The immediate inspiration for Hector, who’s played by a gargantuan (in every sense) Richard Griffiths in both the play and the film, was an essay on education by the literary critic George Steiner that Bennett had been reading. But though Bennett, a self-effacing man who has bemoaned “my timorous and undashing life,” has little physically in common with his flamboyant, oversize protagonist, there are bits of the playwright in this physically awkward man, a perennial outsider like the many other marginal misfits who wander through Bennett’s works — most notably in the mordantly funny, ineffably sad Talking Heads monologues and, in real life, the famous Miss Shepherd, the elderly transient who camped out in Bennett’s yard for 15 years and was immortalized onstage by Maggie Smith in The Lady in the Van.

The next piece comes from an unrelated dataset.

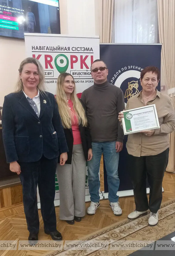 К слову, навигационная система KROPKI уже опробована и в Витебске – она установлена в здании городской центральной поликлиники. За новаторство и смелость в деле улучшения качества жизни людей с инвалидностью по зрению представителю этого медицинского учреждения был вручен «Сертификат первого шага».
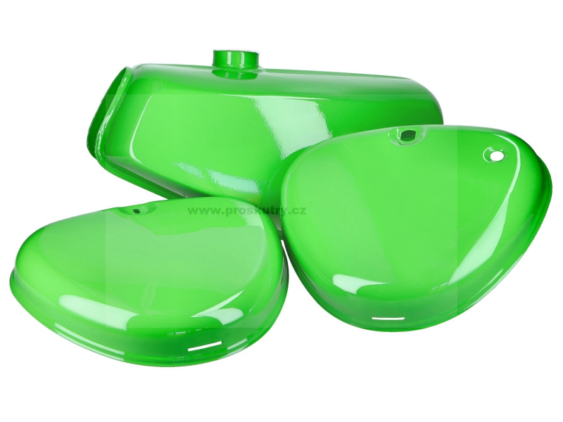 Dva boční kryty (levý a pravý) a palivová nádrž zelená lakovaná sada vhodná pro Simson S50, S51, S70.

Though Bennett skews left politically — he’s a vehemently outspoken critic of British involvement in the Iraq war, and turned down an honorary degree at Oxford because the university had accepted an endowed chair from Rupert Murdoch — like Hector, he is an unabashed cultural conservative who mourns the passing of common public experience, both high and low, in a media-fragmented world. His plays, diaries and monologues are stuffed with literary and historical allusion, but, like Hector too, he is thoroughly versed in old films, from the vintage Hollywood pictures like Now, Voyager and Brief Encounter that pop up in The History Boys, and which he saw on those boyhood movie outings with his beloved “Mam,” to the cheerfully vulgar Carry On comedies of the 1960s. (He rarely goes to the movies now, in part because his partner works late, but also because he prefers the ornate old movie palaces with names like the Gaumont and the Ritz to watching movies in the new “mini-mas.”) Like those films, and perhaps because he moves so seamlessly between high and popular culture, Bennett has tremendously wide public appeal. He has been dubbed a national treasure, an honor he could live without. “I think it’s because I’m not a threat to anybody else,” he murmurs resignedly. “Here, I’m regarded as so cozy.” Then he brightens. “But you’ve got to have something to shelter behind. And I’d rather be thought cozy than be thought a real shit.”